→ Source information:
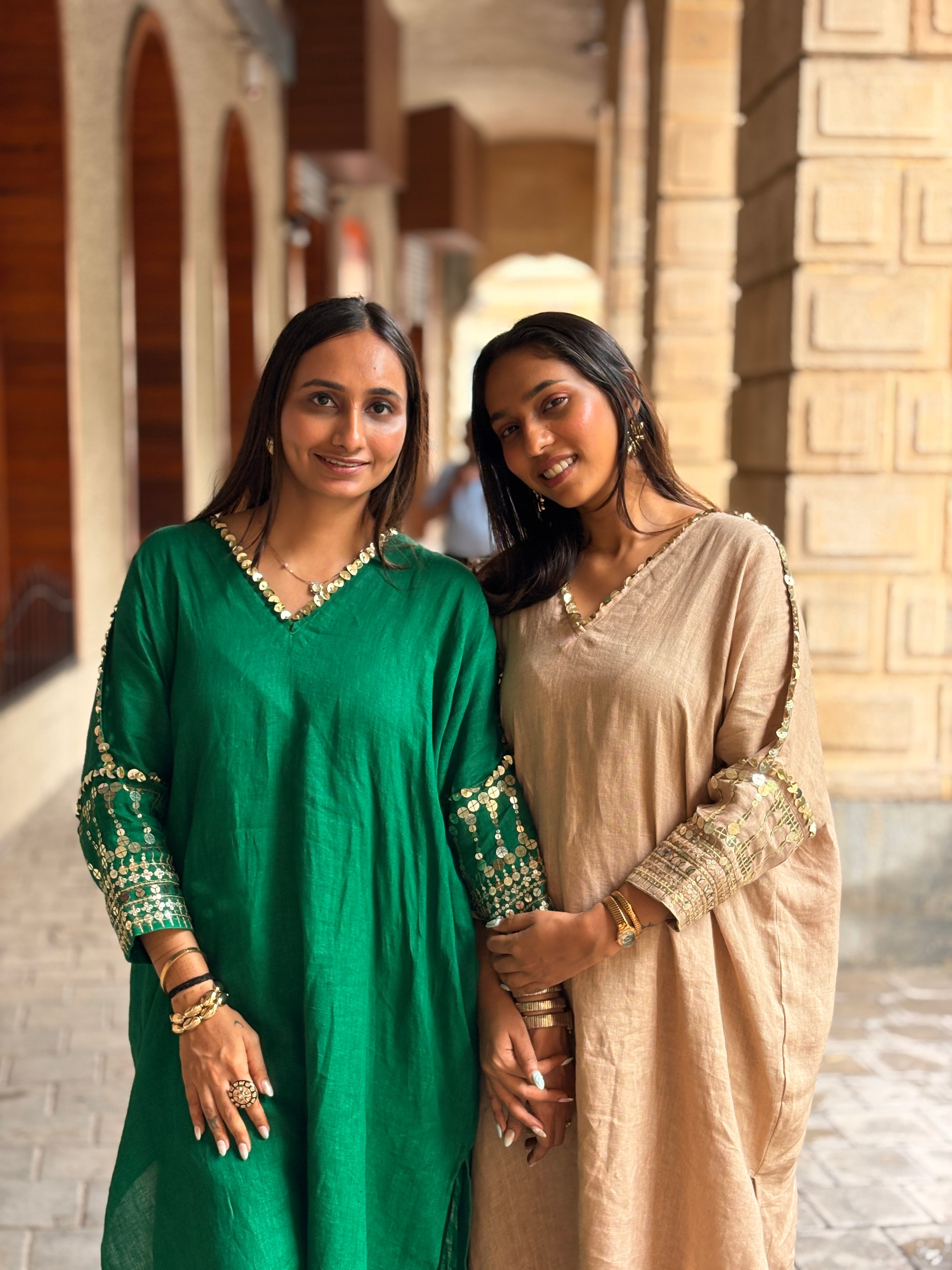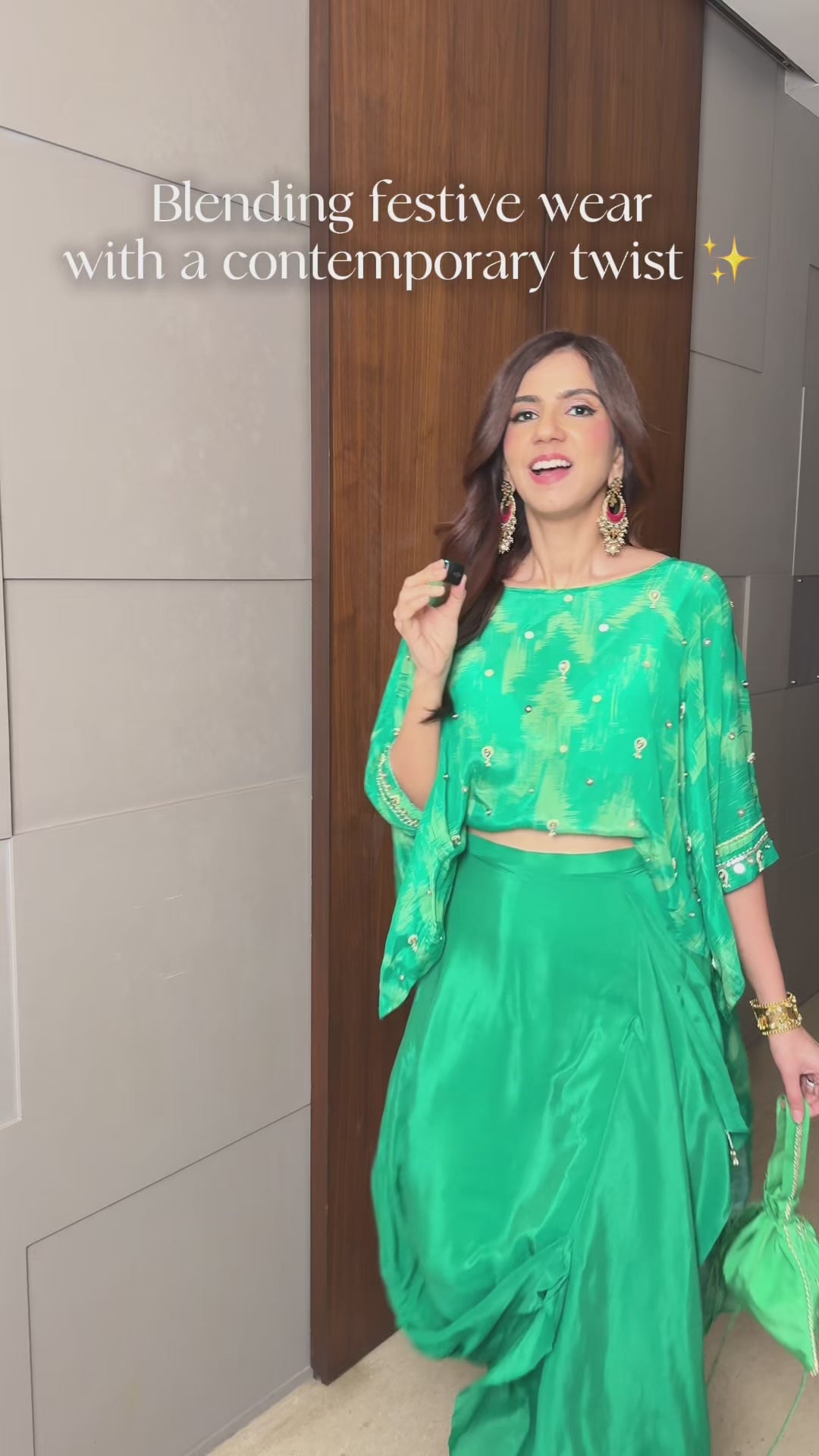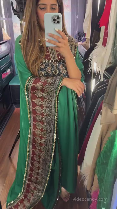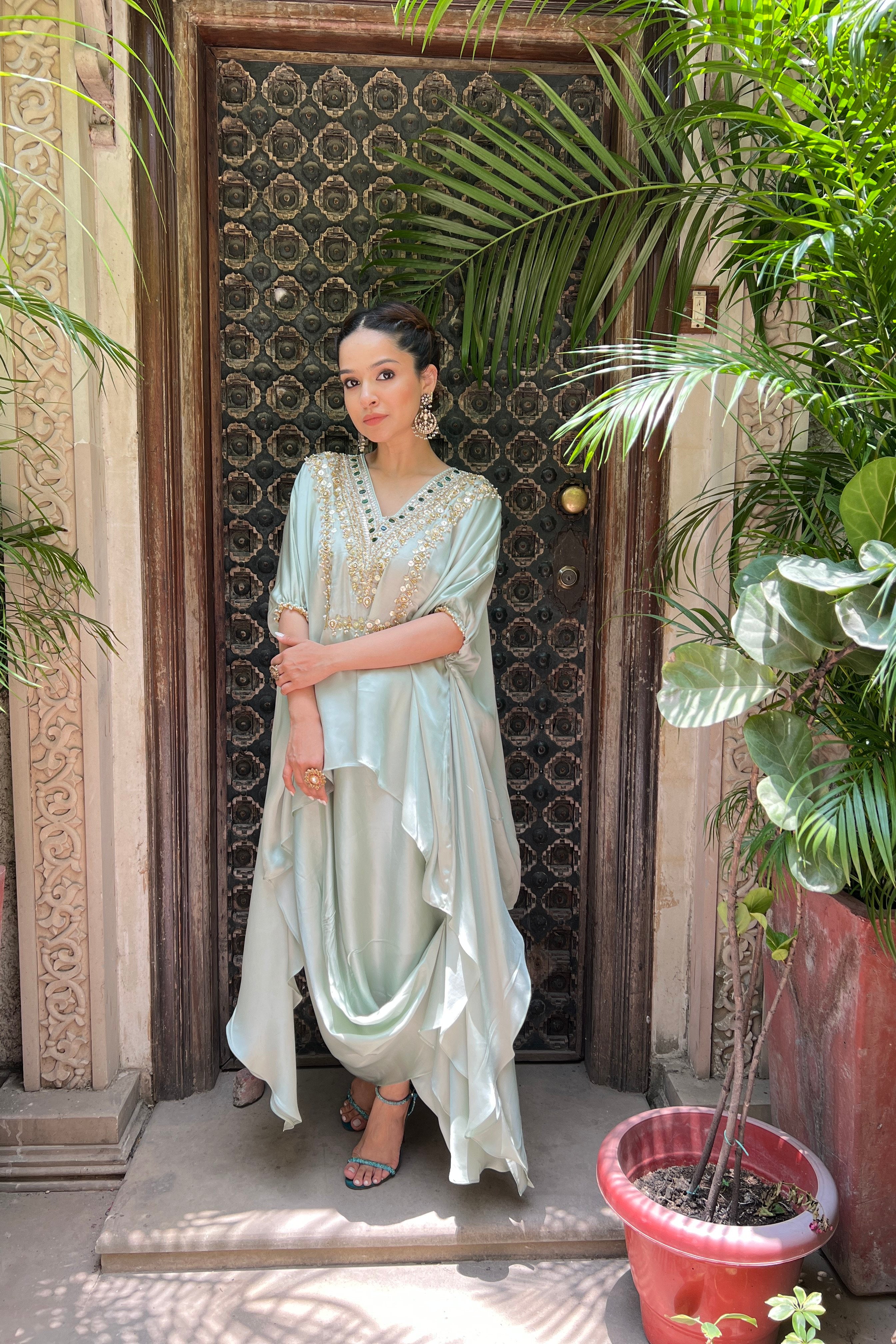 Rimple Bhandari in Morrocon Green Kaftaan with Tie Up Wrap Skirt
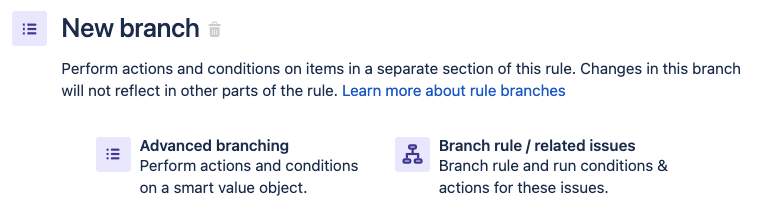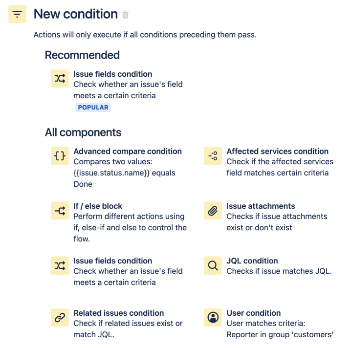 条件判断是当规则定义的触发条件触发后,用于判断后续规则如何执行的组件,Jira Automation 的条件判断相对比较简单,而且只能进行很简单的嵌套,但得益于 JQL 的强大过滤能力以及 Smart Values(下文会介绍)的灵活性,基本能们组绝大部分使用场景,下面挑选经常使用到的几项进行介绍:
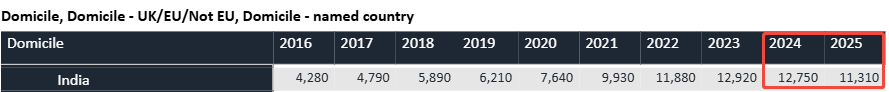 印度学生提交了11,310份申请,较去年减少了1,440份。美国学生则提交了7,930份申请,较去年增加了近1,000份。
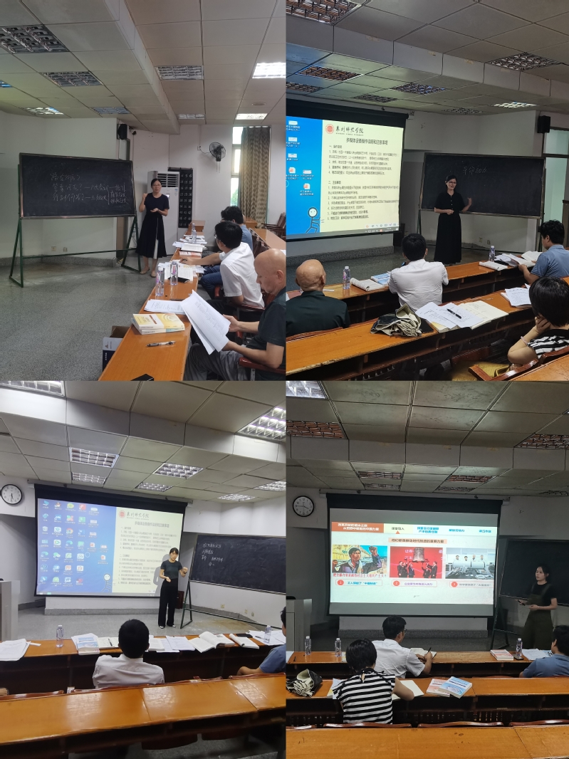 为进一步夯实我院思政课教师“大练兵”备赛基础,全力提升参赛教师教学展示能力和综合素养,10月9日下午,我院在文科楼B413教室开展校级教学新秀奖初步选拔、校级课程思政大赛和省级思政课教师“大练兵”交流展示现场教学活动。本次活动邀请教务处莫斌姿老师现场指导,各教研部主任及“大练兵”交流展示、本科教学新秀奖大赛、课程思政大赛等参赛教师参加。
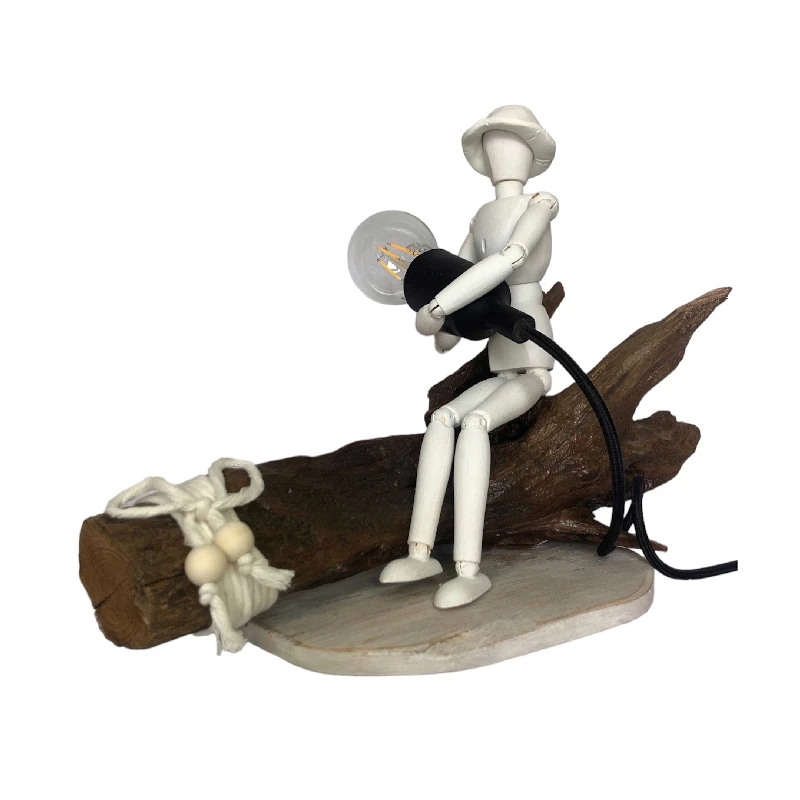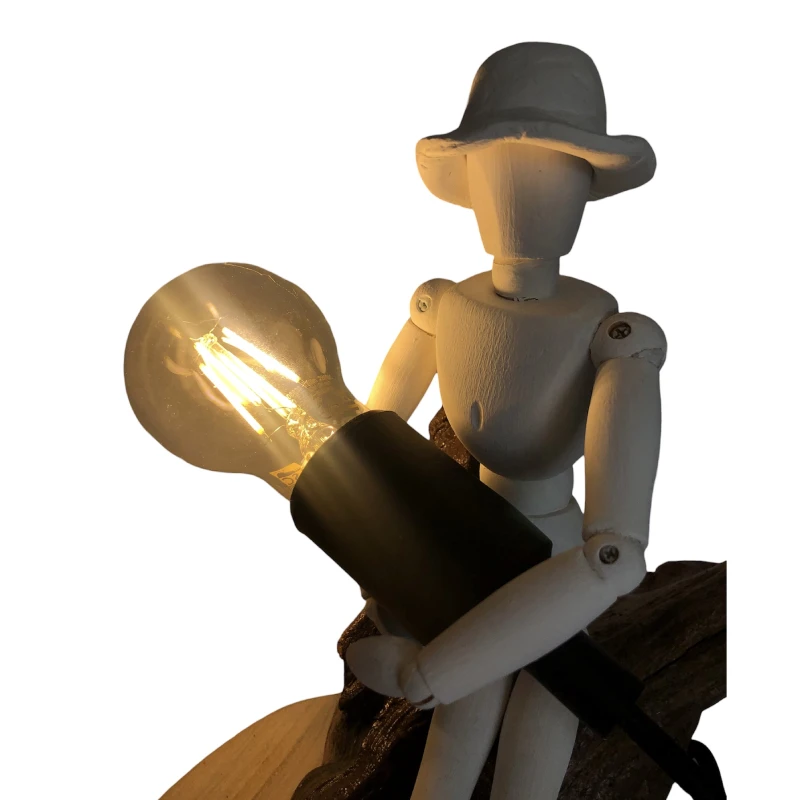 Cette lampe originale est posée sur une branche vernis avec un mannequin tenant l’ampoule. (ampoule offerte)
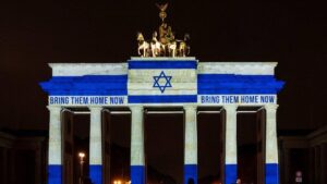 Berlin Senatosu, 7 Ekim 2023 saldırılarında hayatını kaybedenleri anmak ve hâlâ Hamas’ın elinde rehin tutulan kişilere dikkat çekmek amacıyla Brandenburg Kapısı’nı İsrail bayrağının renkleriyle aydınlattı.
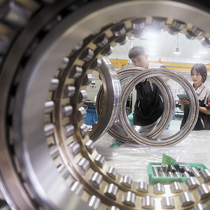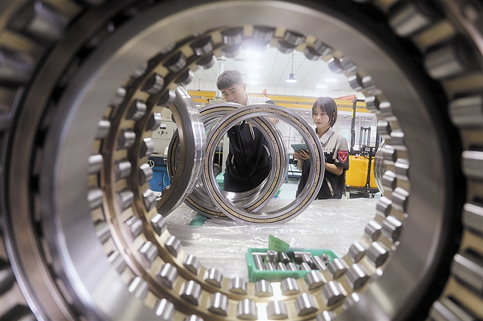在风电系列轴承装配现场,质检人员正精心检测产品质量。 鞠家田 摄
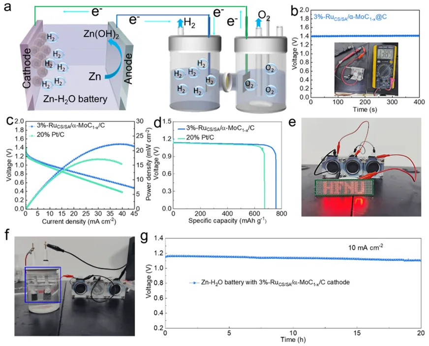 图6a) 双锌-水电池耦合配置驱动电催化水分解的示意图。b) 配备3%-RuCS/SA/α-MoC₁₋ₓ/C的锌-水电池的开路电位(OCP)。c) 配备3%-RuCS/SA/α-MoC₁₋ₓ/C的锌-水电池的线性扫描伏安曲线(LSV,左纵轴)及功率密度(右纵轴)。d) 3%-RuCS/SA/α-MoC₁₋ₓ/C与20% Pt/C的电压-比容量关系图。e) 由三个串联的装配式锌-水电池(采用3%-RuCS/SA/α-MoC₁₋ₓ/C阴极)点亮的十几个LED灯的照片。f) 由三个串联的锌-水燃料电池供电的水电解槽中阴极析氢反应(HER)和阳极析氧反应(OER)的数码照片。g) 采用3%-RuCS/SA/α-MoC₁₋ₓ/C的锌-水电池的长期耐久性测试。
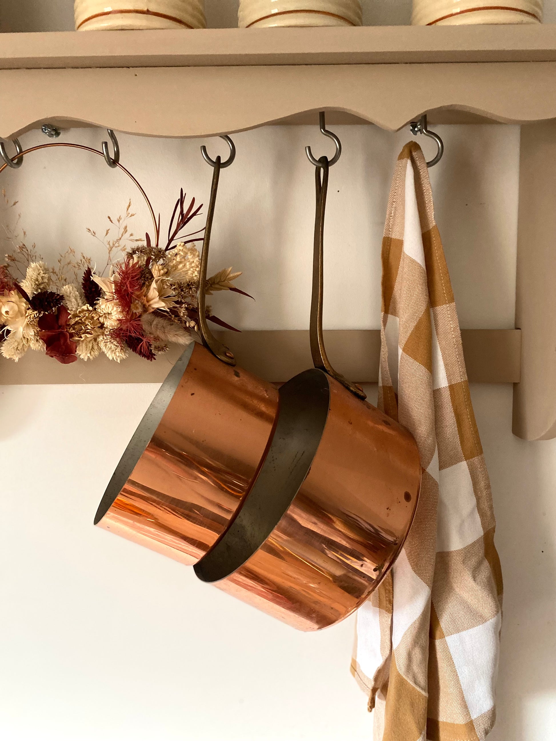 Les poignées sont longues et sont fixées par des rivets. Elles sont en laiton, un alliage qui contraste joliment avec la couleur chaude du cuivre. Elles sont un signe d'ustensile de cuisine de haute qualité, souvent destiné à un usage professionnel ou à la grande bourgeoisie.
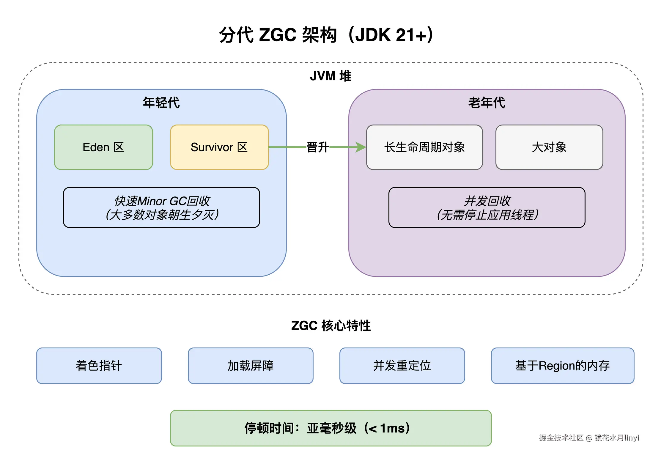 | 需要亚毫秒 GC 停顿 | 不行 | ZGC 可选 | 推荐(分代 ZGC) | 推荐 |
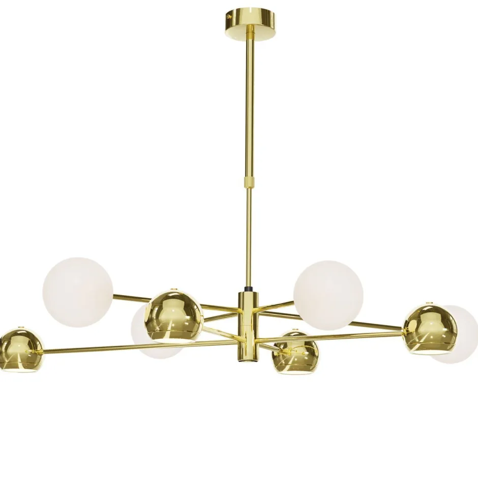 Die Mischung aus goldenen und weißen Schirmen macht die Deckenlampe besonders elegant

→ Required action: Transcribe exactly, and only, the lines from the one containing "ZGC) | 推荐 |" through the last line of the records above, both included; leave out the pictures.

→ Task solution:
 | 需要亚毫秒 GC 停顿 | 不行 | ZGC 可选 | 推荐(分代 ZGC) | 推荐 |
 Die Mischung aus goldenen und weißen Schirmen macht die Deckenlampe besonders elegant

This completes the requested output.